Indian Corn Stew

1 Tbsp. vegetable oil

1-1/2 pounds lean ground beef

1 large onion, chopped (1-1/2 cups)

2 cloves garlic, minced

1-1/2 cups sweet green peppers, cored,

seeded, and chopped

8 large ears corn (kernels cut off)

or 4 cups frozen corn

1 can (28-ounces)

crushed tomatoes

4 tsp. Worcestershire sauce

1/2 tsp. black pepper

1/2 tsp. chili powder

1/4 tsp. salt

1/8 tsp. cayenne pepper

1 medium zucchini or yellow summer squash,

thinly sliced crosswise (2 cups)

In a 6-quart Dutch oven, heat the oil over moderately high heat. Add the beef, onion and garlic and cook, stirring frequently, for 8 minutes or until browned.

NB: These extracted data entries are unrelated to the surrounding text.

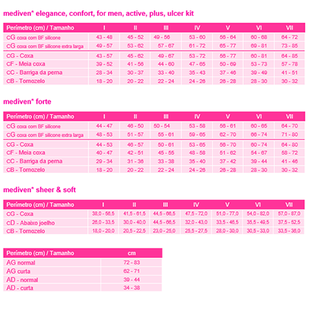 Cores: BeijeTamanhos: I, II, III, IV, V, VI, VII (conforme tabela)Classes de compressão: Ccl 1; Ccl 2; Ccl 3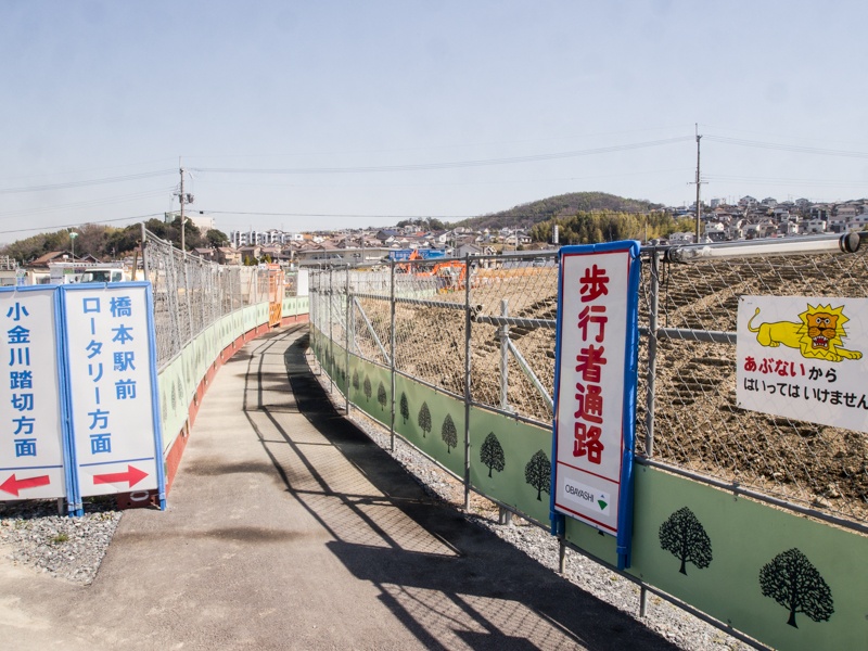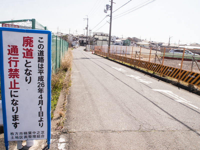 ・楠葉中之芝地区の工事の状況。新しく歩道ができてる 2013年8月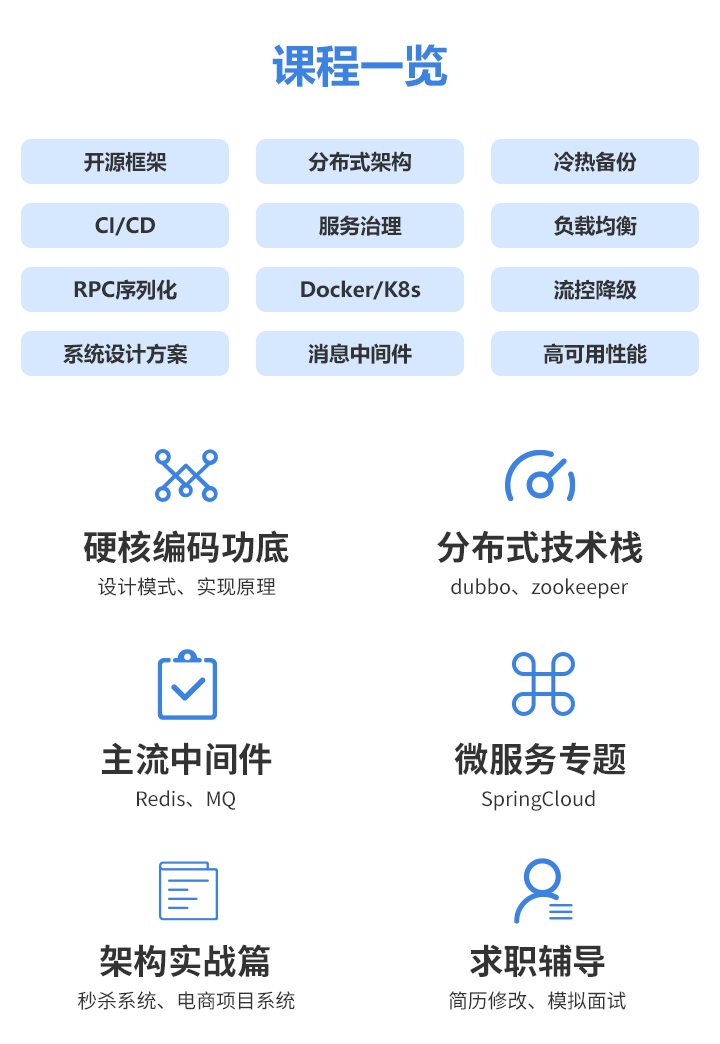 经过多期持续迭代,课程内容涵盖了互联网架构师岗位的主流需求,从编码功底到高并发实战,严格按照项目驱动的方式,从 0 到 1 教授大型互联网项目方案的开发落地,带领学员了解完整的架构演进历程与设计思路,知识体系如下:
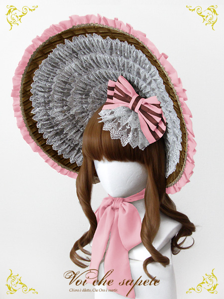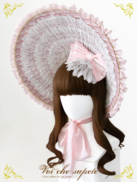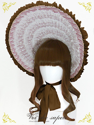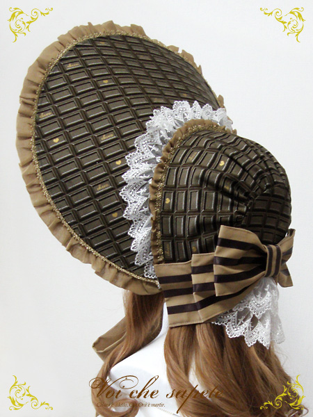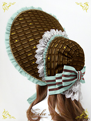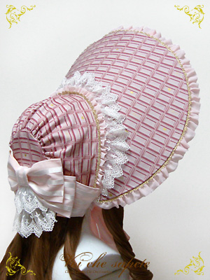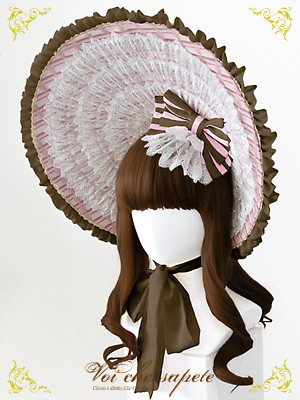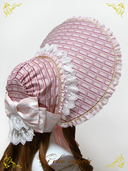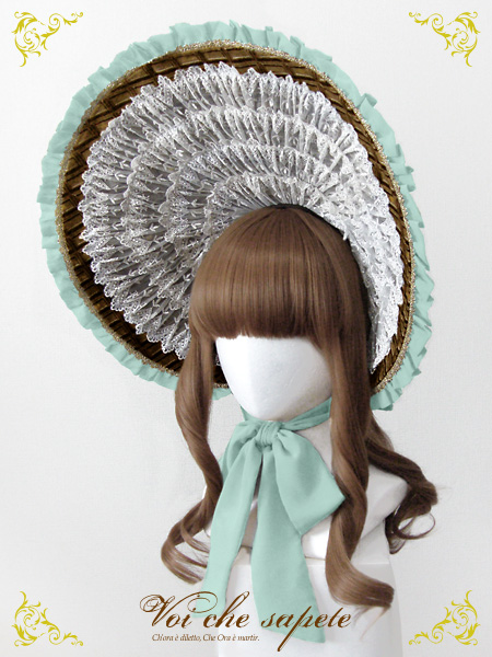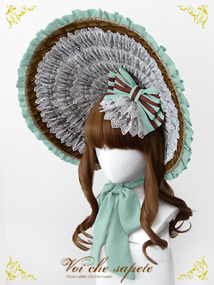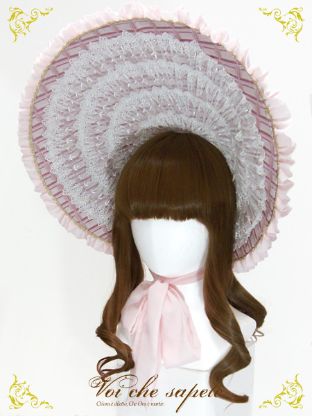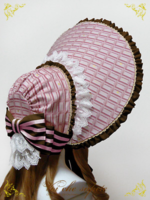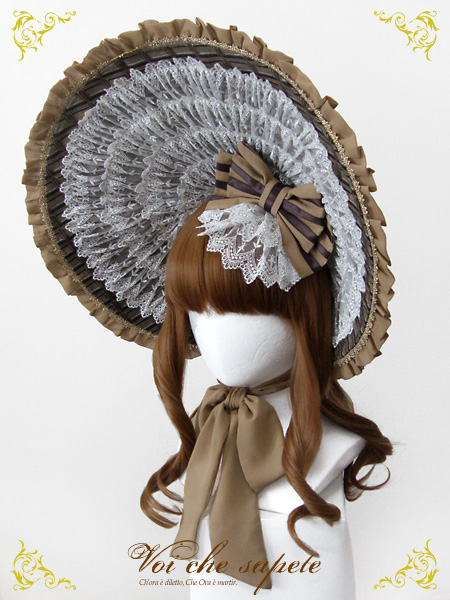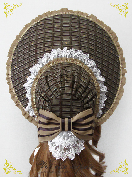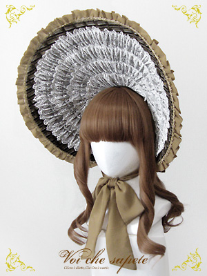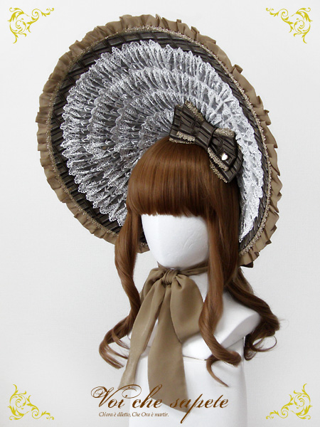 幾重にも重なったレースがとても華やかなボンネットは、大きなつばがアンティークドールを思わせるクラシカルな雰囲気です。

Lower the heat, stir in green peppers and simmer, uncovered, for 5 minutes or until peppers are tender, stirring occasionally.

Stir in corn, tomatoes, Worcestershire, black pepper, chili powder, salt, and cayenne pepper and bring to a boil. Lower the heat, cover, and simmer for 15 minutes. Add the squash, then simmer for 5 minutes longer or until the vegetables are tender.